- Data for the task:
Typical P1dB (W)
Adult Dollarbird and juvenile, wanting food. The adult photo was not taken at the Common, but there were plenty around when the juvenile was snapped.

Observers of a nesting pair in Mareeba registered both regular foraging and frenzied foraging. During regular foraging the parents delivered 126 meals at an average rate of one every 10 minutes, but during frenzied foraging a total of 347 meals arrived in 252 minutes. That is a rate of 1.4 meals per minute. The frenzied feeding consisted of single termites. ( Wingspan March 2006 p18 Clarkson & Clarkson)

...

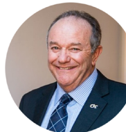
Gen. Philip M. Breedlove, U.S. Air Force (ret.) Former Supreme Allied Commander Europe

- To do: Of the lines above, retype only those from the line containing "Typical P1dB (W)" through the line containing "Observers of a", including both, exactly.

- Response:
Typical P1dB (W)
Adult Dollarbird and juvenile, wanting food. The adult photo was not taken at the Common, but there were plenty around when the juvenile was snapped.

Observers of a nesting pair in Mareeba registered both regular foraging and frenzied foraging. During regular foraging the parents delivered 126 meals at an average rate of one every 10 minutes, but during frenzied foraging a total of 347 meals arrived in 252 minutes. That is a rate of 1.4 meals per minute. The frenzied feeding consisted of single termites. ( Wingspan March 2006 p18 Clarkson & Clarkson)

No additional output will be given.